From the data below, return only the lines from the one with "10 цен на Беспроводной" through the one with "Gri Yüksek Bel", exact and inclusive, with pictures left out.

*** Begin section ***

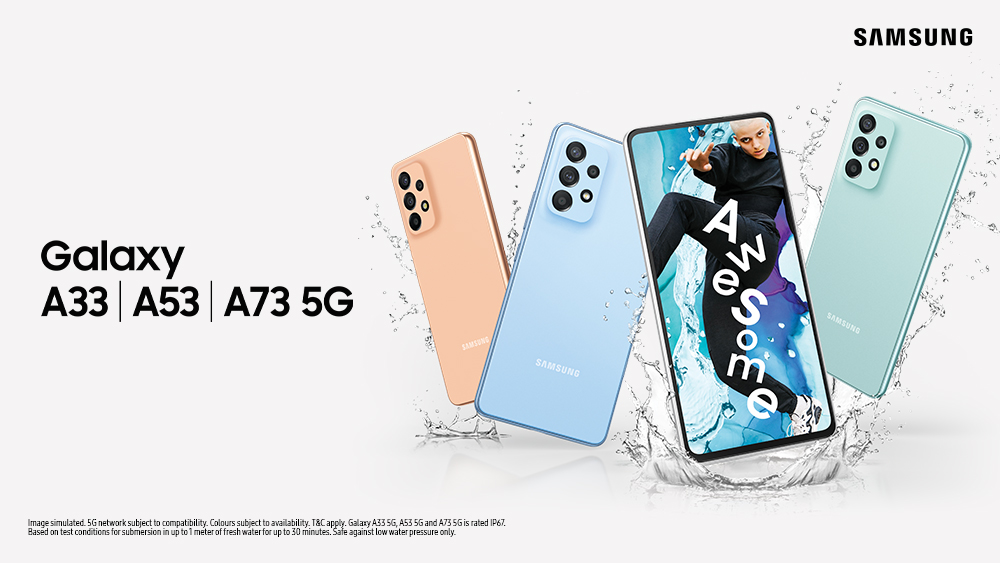 The new Galaxy A53 5G, Galaxy A33 5G, Galaxy A23 and Galaxy A13 will be available in four awesome colours – Peach, Blue, Black and White.
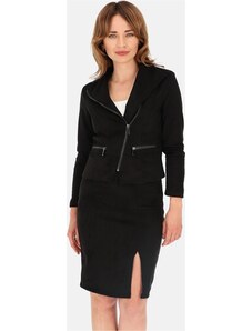 Perso Čierny dámsky elegantný krátky kabát s vreckami BLE 251010 F - Black
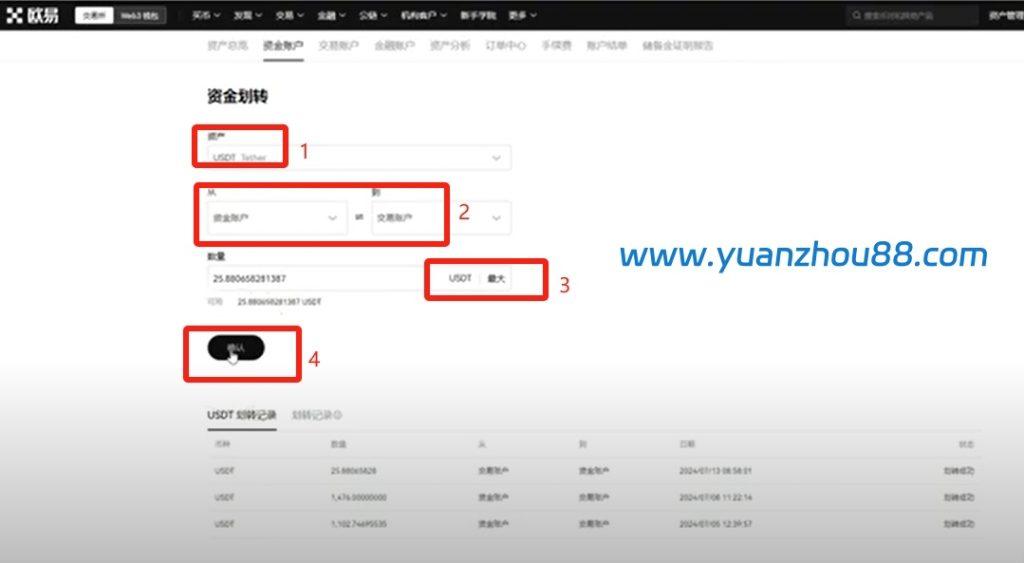 在上方选择资产时,选定 USDT 并设置从资金账户划转到交易账户的方向;如需反向操作,可点击中间的交换按钮切换,接着选中最大数量并点击【确认】,即可成功完成划转。
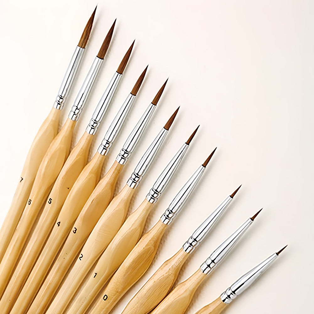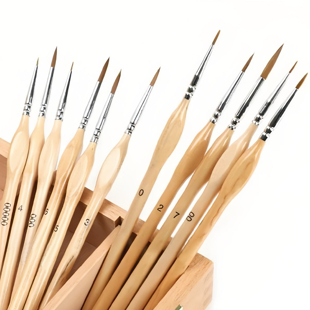 11 Stück Miniatur-Detail-Pinselset mit Naturholzgriff
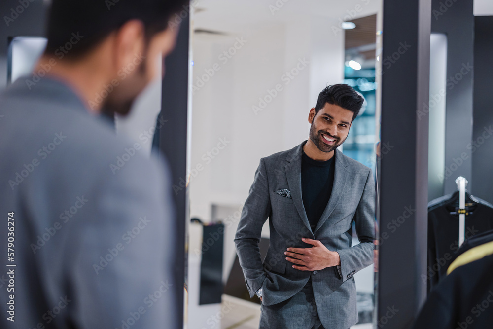 Young man shopping in clothing store
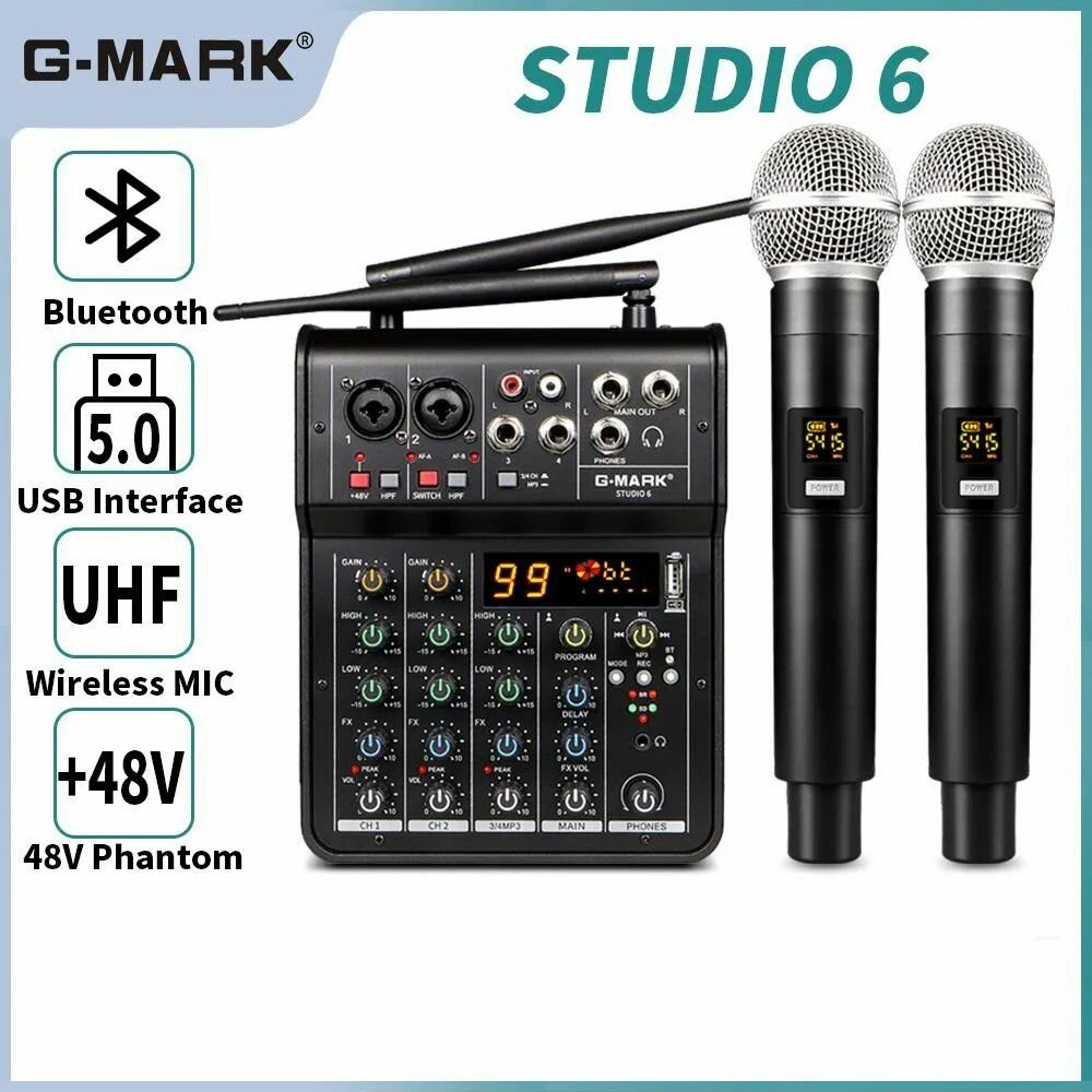 10 цен на Беспроводной 4-канальный микшер караоке G-mark Studio 6 bluetooth 2 микрофона black
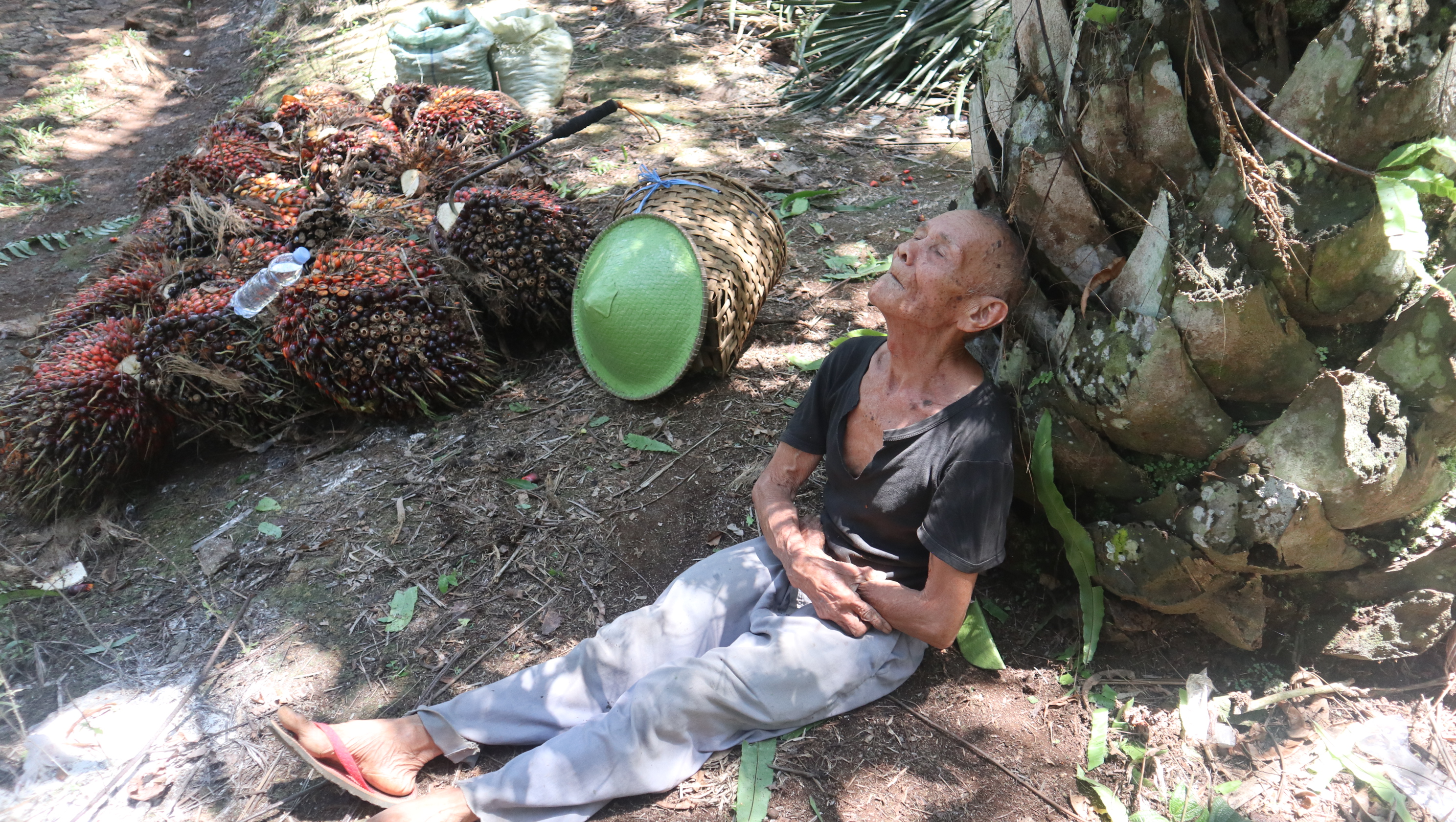 Abah Dubin (92) adalah nama pria tua ini. Ia terpaksa bekerja sebagai buruh sawit demi menyambung hidup. Padahal tubuhnya sudah renta dan tidak bisa melakukan pekerjaan berat.
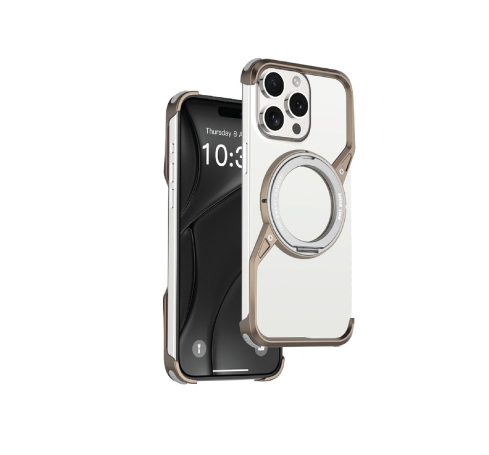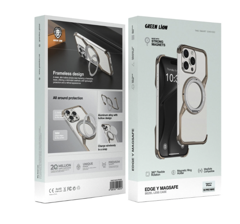 قرين لايون - كفر ايفون 16ProMaxشفاف مع مسكة دائرية - ذهبي
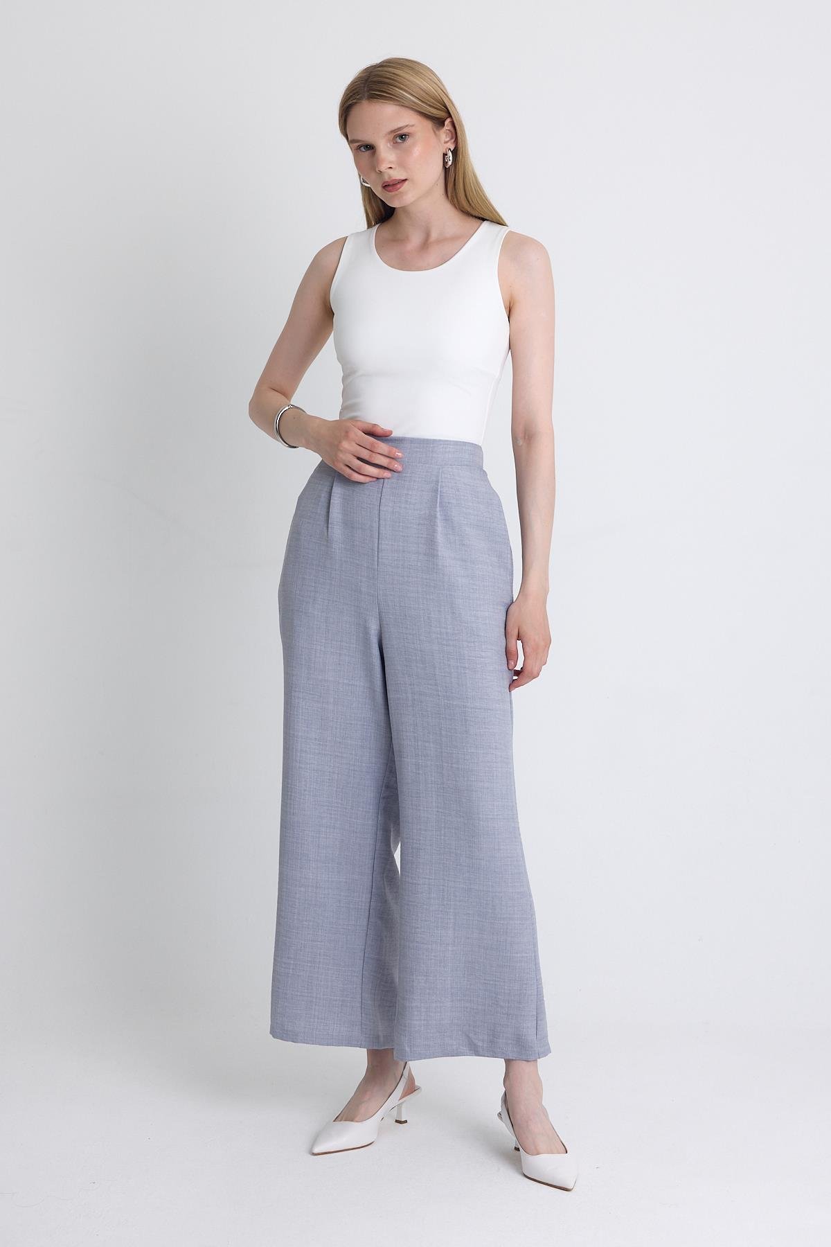 Gri Yüksek Bel Ön Pile Detaylı Pamuklu Bol Paça Pantolon 8014A
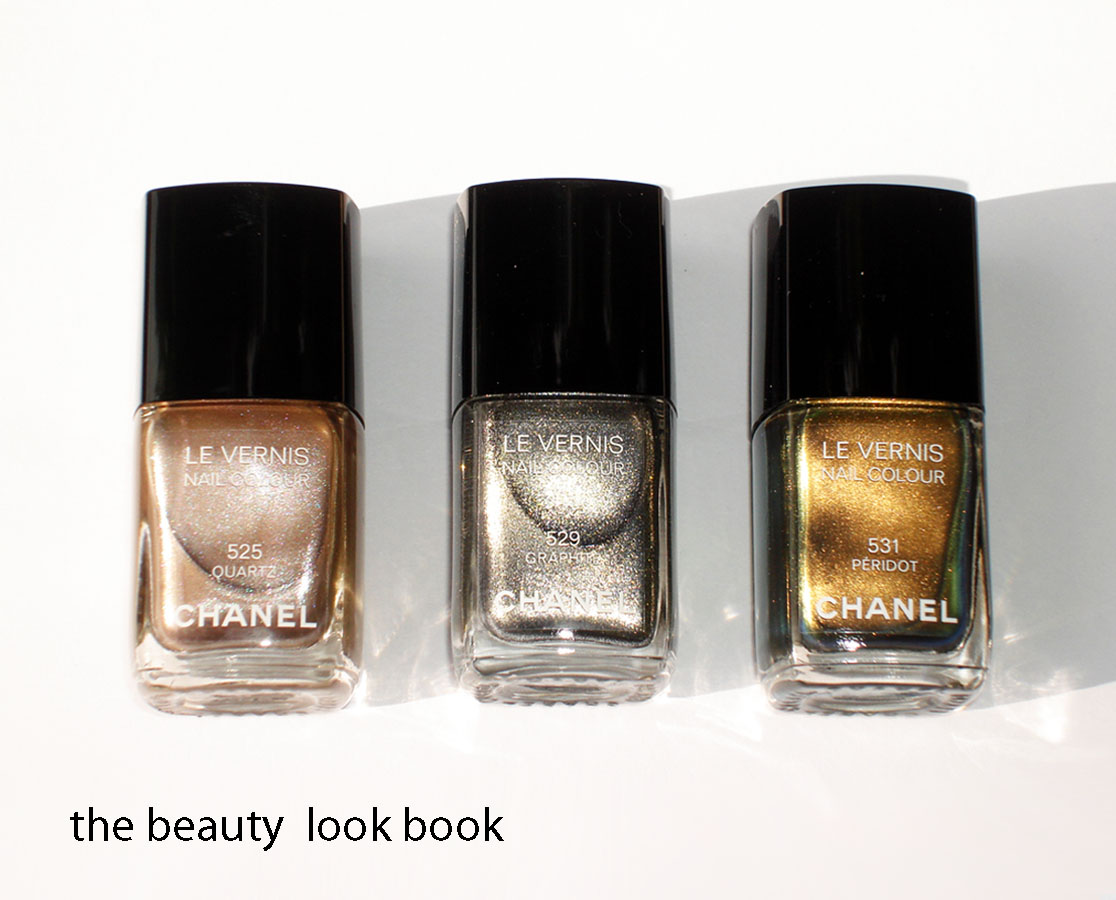 Chanel Fall 2011 has broken my blog break and has also eaten into my savings for a Chanel mini-flap. I am still highly ecstatic. My first feature on the Fall Collection will be on new Le Vernis shades ($25 each). The theme for nails is metallic where light plays a key role in the final result of what you see on the nails. The colors are slightly translucent in texture so you can build intensity with two or more coats. Each shade has a slightly different finish and quality making each color unique.
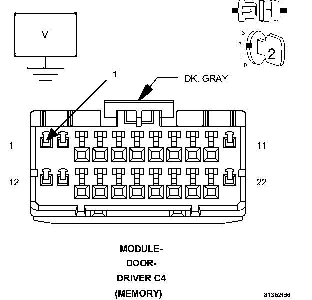 3. Measure the voltage on the (A913) Fused B(+) circuit at the Driver Door Module C4 connector and compare to voltage at the vehicle battery.

*** End section ***

■ RESPONSE TO THE TASK ■
 10 цен на Беспроводной 4-канальный микшер караоке G-mark Studio 6 bluetooth 2 микрофона black
 Abah Dubin (92) adalah nama pria tua ini. Ia terpaksa bekerja sebagai buruh sawit demi menyambung hidup. Padahal tubuhnya sudah renta dan tidak bisa melakukan pekerjaan berat.
 قرين لايون - كفر ايفون 16ProMaxشفاف مع مسكة دائرية - ذهبي
 Gri Yüksek Bel Ön Pile Detaylı Pamuklu Bol Paça Pantolon 8014A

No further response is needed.